Reggie is a person who wears many hats: social justice volunteer, housing advocate, child welfare worker, tertiary student and last but not least, singer in a pop choir.
“I love doing different things,” Reggie said.

“The other big part of my life is online. The friends I hang out with the most are part of the gaming community.”

A dedicated station with multiple screens and speakers set-up in the study nook of Reggie’s South Melbourne apartment tells the story of a passionate gamer.

Reggie shares the Housing Choices apartment overlooking the city with pet cat, Celestia.

After a childhood in foster care and years of housing insecurity and homelessness, Reggie feels lucky to have a home.

“I fell through the cracks in the system, as lots of young people do.

“I was on the streets of Melbourne and I was using youth refuges … and experiencing the worst mental health of my life.”

Reggie said a call from the not-for-profit mental health, homelessness and suicide prevention service led to secure and stable accommodation through Housing Choices.

“A Neami worker called me out of the blue one day and said she hadn’t heard from me in a while. I said I was homeless, I had nowhere to go, it was the end of the line for me,” Reggie said.

“A few weeks later she had found a home for me to move into.

“It was like winning the lottery because there was no way that I would have been able to get that without that person’s help – I wouldn’t have known.”

Reggie has since advocated to increase the age of out-of-home care in Victoria to 21 years old, a change which has now been implemented.

“We’re trying to raise it to 25 to make it less likely that young people end up homeless,” Reggie said.

“I feel like I’ve recovered from the trauma of being homeless but I think these events leave traces on you.”

Part of Reggie’s healing journey was to find a name they identified with.

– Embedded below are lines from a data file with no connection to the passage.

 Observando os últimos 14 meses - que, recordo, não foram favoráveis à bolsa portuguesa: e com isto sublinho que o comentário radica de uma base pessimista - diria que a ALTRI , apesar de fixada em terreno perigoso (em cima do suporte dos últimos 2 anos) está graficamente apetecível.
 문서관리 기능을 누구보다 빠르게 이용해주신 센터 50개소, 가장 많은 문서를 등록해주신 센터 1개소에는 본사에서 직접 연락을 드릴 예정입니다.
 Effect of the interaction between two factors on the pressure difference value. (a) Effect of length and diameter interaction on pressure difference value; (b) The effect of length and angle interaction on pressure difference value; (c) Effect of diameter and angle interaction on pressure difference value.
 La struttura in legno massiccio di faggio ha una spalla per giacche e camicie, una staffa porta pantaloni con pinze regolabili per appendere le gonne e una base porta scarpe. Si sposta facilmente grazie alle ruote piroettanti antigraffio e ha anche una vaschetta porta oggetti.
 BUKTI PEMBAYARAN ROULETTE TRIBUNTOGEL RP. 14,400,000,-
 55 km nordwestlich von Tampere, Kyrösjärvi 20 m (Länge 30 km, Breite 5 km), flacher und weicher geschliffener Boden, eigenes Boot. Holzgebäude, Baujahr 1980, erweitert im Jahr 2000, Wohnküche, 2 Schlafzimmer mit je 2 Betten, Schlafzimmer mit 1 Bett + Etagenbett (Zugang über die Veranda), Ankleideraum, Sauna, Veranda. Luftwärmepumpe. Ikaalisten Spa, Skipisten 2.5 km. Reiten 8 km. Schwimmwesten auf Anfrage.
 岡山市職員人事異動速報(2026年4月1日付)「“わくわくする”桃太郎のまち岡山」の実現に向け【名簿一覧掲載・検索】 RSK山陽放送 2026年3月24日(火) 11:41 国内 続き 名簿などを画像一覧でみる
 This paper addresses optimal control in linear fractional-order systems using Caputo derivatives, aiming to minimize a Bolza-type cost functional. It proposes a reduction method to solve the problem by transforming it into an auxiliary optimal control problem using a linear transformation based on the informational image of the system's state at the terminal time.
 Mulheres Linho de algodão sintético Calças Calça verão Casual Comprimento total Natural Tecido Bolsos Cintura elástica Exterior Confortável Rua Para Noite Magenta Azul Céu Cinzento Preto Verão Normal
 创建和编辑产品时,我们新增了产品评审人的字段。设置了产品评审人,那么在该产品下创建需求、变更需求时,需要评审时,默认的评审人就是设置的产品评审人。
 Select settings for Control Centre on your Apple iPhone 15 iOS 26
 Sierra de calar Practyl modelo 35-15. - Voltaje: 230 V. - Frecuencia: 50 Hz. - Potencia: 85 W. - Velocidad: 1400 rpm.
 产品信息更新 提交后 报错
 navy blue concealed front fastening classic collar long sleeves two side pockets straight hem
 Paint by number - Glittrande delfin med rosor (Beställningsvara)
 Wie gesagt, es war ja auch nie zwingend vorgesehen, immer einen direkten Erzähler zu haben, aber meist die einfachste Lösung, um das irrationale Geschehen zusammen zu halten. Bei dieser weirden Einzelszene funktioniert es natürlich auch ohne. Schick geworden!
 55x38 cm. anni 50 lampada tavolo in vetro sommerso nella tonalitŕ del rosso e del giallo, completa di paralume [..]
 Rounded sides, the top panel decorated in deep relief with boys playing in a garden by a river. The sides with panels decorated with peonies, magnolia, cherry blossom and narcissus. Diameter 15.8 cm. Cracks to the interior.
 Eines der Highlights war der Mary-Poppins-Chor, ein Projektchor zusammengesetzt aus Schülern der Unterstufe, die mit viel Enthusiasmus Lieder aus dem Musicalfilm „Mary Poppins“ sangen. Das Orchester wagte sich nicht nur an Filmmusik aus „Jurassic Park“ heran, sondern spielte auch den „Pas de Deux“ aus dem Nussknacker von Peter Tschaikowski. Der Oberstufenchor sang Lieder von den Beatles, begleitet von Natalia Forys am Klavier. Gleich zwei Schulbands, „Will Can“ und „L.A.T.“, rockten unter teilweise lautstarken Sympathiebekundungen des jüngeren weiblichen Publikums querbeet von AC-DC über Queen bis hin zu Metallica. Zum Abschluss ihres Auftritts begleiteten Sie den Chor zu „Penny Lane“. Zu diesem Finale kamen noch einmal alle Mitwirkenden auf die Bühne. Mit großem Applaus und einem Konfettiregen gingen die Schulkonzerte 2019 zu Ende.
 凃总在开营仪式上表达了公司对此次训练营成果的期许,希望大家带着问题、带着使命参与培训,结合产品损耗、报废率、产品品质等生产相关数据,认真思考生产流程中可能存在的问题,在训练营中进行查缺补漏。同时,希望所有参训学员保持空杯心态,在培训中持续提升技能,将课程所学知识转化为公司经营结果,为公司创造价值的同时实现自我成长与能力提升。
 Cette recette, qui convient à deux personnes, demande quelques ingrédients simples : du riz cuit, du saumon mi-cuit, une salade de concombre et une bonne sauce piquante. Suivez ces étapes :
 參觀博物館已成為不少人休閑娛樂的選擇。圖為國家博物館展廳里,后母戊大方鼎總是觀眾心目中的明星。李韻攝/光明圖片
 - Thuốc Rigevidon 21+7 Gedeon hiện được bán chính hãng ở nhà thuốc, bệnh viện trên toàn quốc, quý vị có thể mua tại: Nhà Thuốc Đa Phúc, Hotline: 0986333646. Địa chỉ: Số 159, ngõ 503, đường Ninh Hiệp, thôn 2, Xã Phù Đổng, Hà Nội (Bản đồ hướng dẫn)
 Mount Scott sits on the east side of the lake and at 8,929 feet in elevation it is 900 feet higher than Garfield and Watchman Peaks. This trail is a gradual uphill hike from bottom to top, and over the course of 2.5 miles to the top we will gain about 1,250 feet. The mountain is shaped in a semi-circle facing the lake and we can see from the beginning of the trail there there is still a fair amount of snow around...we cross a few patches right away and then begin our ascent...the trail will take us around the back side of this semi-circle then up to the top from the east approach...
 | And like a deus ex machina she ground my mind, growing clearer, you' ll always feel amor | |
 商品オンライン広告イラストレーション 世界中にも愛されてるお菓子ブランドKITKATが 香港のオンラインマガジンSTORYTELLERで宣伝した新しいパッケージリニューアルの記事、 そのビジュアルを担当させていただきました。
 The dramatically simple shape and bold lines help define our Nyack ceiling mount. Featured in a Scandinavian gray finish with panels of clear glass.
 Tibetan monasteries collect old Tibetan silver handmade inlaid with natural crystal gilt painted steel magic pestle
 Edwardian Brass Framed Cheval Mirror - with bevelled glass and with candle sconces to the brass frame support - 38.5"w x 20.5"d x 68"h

“I use they/ them pronouns and changed my name officially in 2021 – to Reggie – after deciding that my old name was no longer suitable for what I want to go with and the trajectory of my life,” they said.

Reggie’s advice is if you don’t know or unsure what pronouns to use, just ask the person, or use they/them pronouns until told differently.

“It’s hard to be an outlier,” Reggie said.

“You face a lot of criticism from people … sometimes it’s just easier to try and fit in … it’s hard to constantly tell people, ‘please don’t misgender me or mis-pronoun me’.

“Our society hasn’t grown to the stage where it fully understands people’s differences … there is a lot of work still to be done … but I’m enjoying being part of communities and in a space where I can really enjoy being myself.”